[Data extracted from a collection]
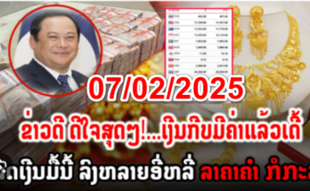 ອັບເດດລ່າສຸດ…!!! ລາຄາຄຳ, ລາຄານໍ້າມັນ ແລະ ອັດຕາແລກປ່ຽນປະຈໍາວັນທີ 07/02/2025 Read More
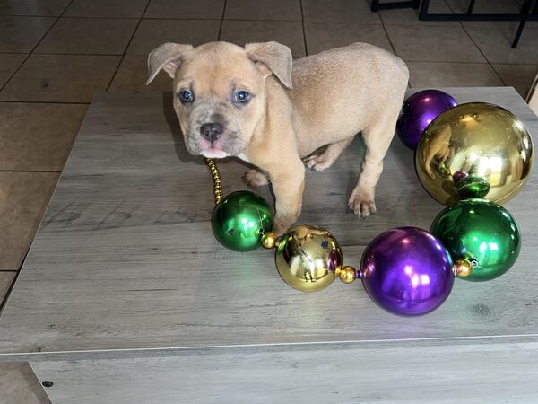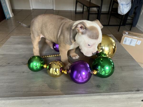 message frrbg7171 about this ad 4 mo. old American Bully puppies ABKC registrable, vaccinated, ready to go. Comes with puppy papers. Have both parents. Deposit required |
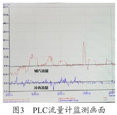 通過圖3 PLC 流量計(jì)監(jiān)測畫面可以看出,PLC 上輔汽測量用的氣體流量計(jì)的量程設(shè)置為30t/h,現(xiàn)場設(shè)備量程實(shí)際為6t/h,兩者嚴(yán)重不符,因此測量值4t/h 為錯(cuò)誤值(單臺(tái)機(jī)組運(yùn)行),需要對程序進(jìn)行修改。
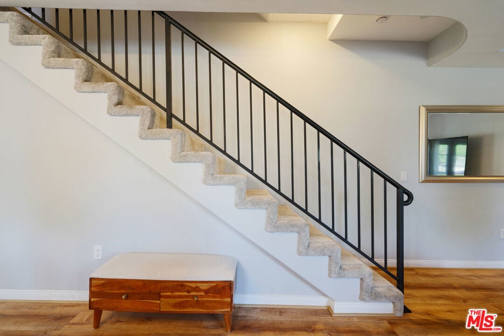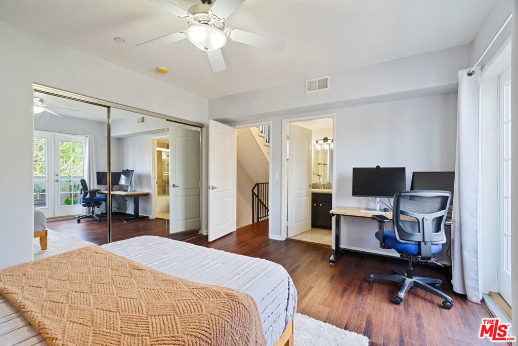 Located in a quiet courtyard setting in the heart of Valley Village, this three level townhome offers bright living spaces and a private rooftop deck with treetop views. Recently updated laminate wood flooring runs throughout the first two levels, creating a clean and cohesive feel across the main living areas.The main floor features an open living and dining space with a fireplace and French doors that bring in natural light. The kitchen includes granite countertops, stainless steel appliances, white cabinetry, a gas range, and a large window above the sink that fills the space with daylight. A kitchen bar provides a comfortable place to sit and gather while meals are being prepared. A powder room and pantry storage beneath the stairs add everyday convenience.Upstairs, the bedrooms offer comfortable layouts and natural light, with in unit laundry located on the same level. The primary bathroom features a remodeled shower with fiberglass enclosed sliding doors on rollers, along with granite counters and tile flooring.The private rooftop deck provides open sky and treetop views, creating a quiet outdoor space above the neighborhood.Additional highlights include a smart thermostat, guest parking, and two tandem assigned parking spaces. Conveniently located near Studio City, Ventura Boulevard, the NoHo Arts District, and major freeways.
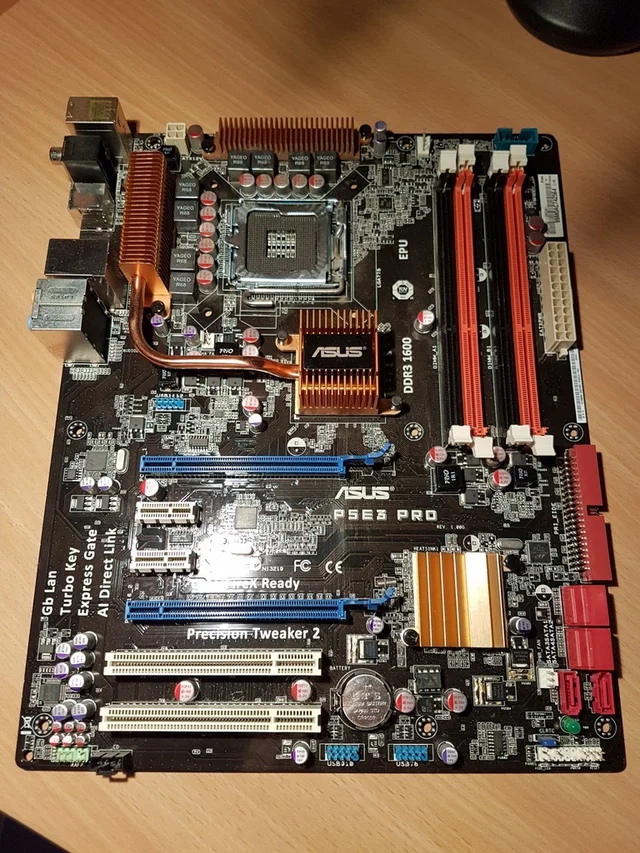 ✅ مادربرد ASUS P5E3 PRO DDR3 تستشده و سالم، همراه با پنل اصلی — آماده نصب برای پردازندههای سوکت LGA775 و پشتیبانی از رم DDR3.
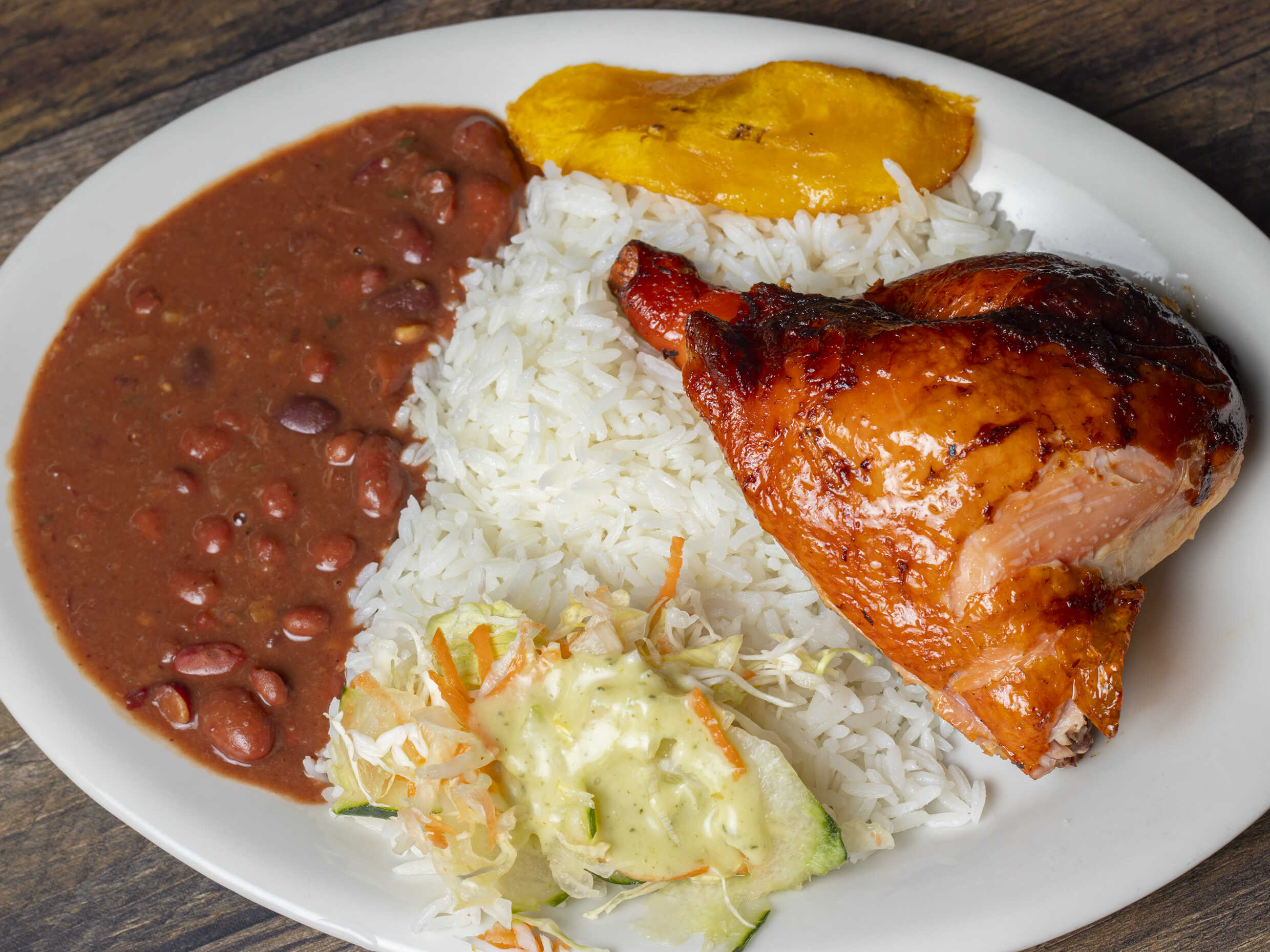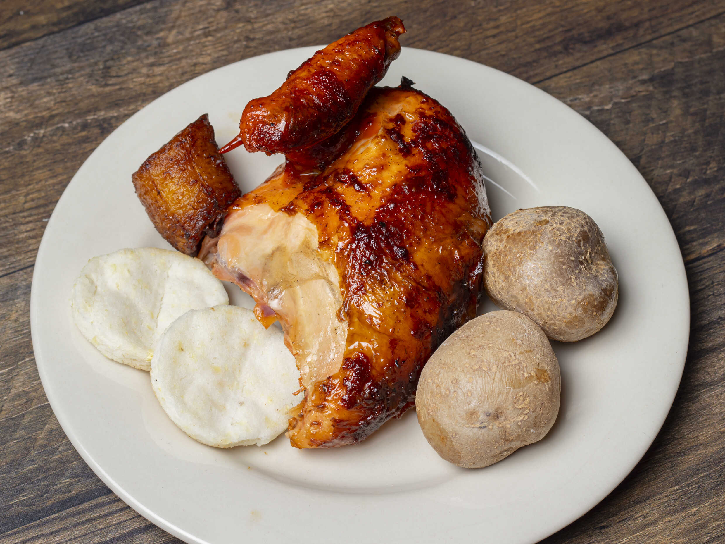 2 Presas de pollo apanado y 2 presas de pollo asado, acompañados de papa cocida, arepa y maduro.

## Your instructions
Every line of the records must come back unchanged, except that pictures are dropped.

## Result for this task
 ອັບເດດລ່າສຸດ…!!! ລາຄາຄຳ, ລາຄານໍ້າມັນ ແລະ ອັດຕາແລກປ່ຽນປະຈໍາວັນທີ 07/02/2025 Read More
 message frrbg7171 about this ad 4 mo. old American Bully puppies ABKC registrable, vaccinated, ready to go. Comes with puppy papers. Have both parents. Deposit required |
 通過圖3 PLC 流量計(jì)監(jiān)測畫面可以看出,PLC 上輔汽測量用的氣體流量計(jì)的量程設(shè)置為30t/h,現(xiàn)場設(shè)備量程實(shí)際為6t/h,兩者嚴(yán)重不符,因此測量值4t/h 為錯(cuò)誤值(單臺(tái)機(jī)組運(yùn)行),需要對程序進(jìn)行修改。
 Located in a quiet courtyard setting in the heart of Valley Village, this three level townhome offers bright living spaces and a private rooftop deck with treetop views. Recently updated laminate wood flooring runs throughout the first two levels, creating a clean and cohesive feel across the main living areas.The main floor features an open living and dining space with a fireplace and French doors that bring in natural light. The kitchen includes granite countertops, stainless steel appliances, white cabinetry, a gas range, and a large window above the sink that fills the space with daylight. A kitchen bar provides a comfortable place to sit and gather while meals are being prepared. A powder room and pantry storage beneath the stairs add everyday convenience.Upstairs, the bedrooms offer comfortable layouts and natural light, with in unit laundry located on the same level. The primary bathroom features a remodeled shower with fiberglass enclosed sliding doors on rollers, along with granite counters and tile flooring.The private rooftop deck provides open sky and treetop views, creating a quiet outdoor space above the neighborhood.Additional highlights include a smart thermostat, guest parking, and two tandem assigned parking spaces. Conveniently located near Studio City, Ventura Boulevard, the NoHo Arts District, and major freeways.
 ✅ مادربرد ASUS P5E3 PRO DDR3 تستشده و سالم، همراه با پنل اصلی — آماده نصب برای پردازندههای سوکت LGA775 و پشتیبانی از رم DDR3.
 2 Presas de pollo apanado y 2 presas de pollo asado, acompañados de papa cocida, arepa y maduro.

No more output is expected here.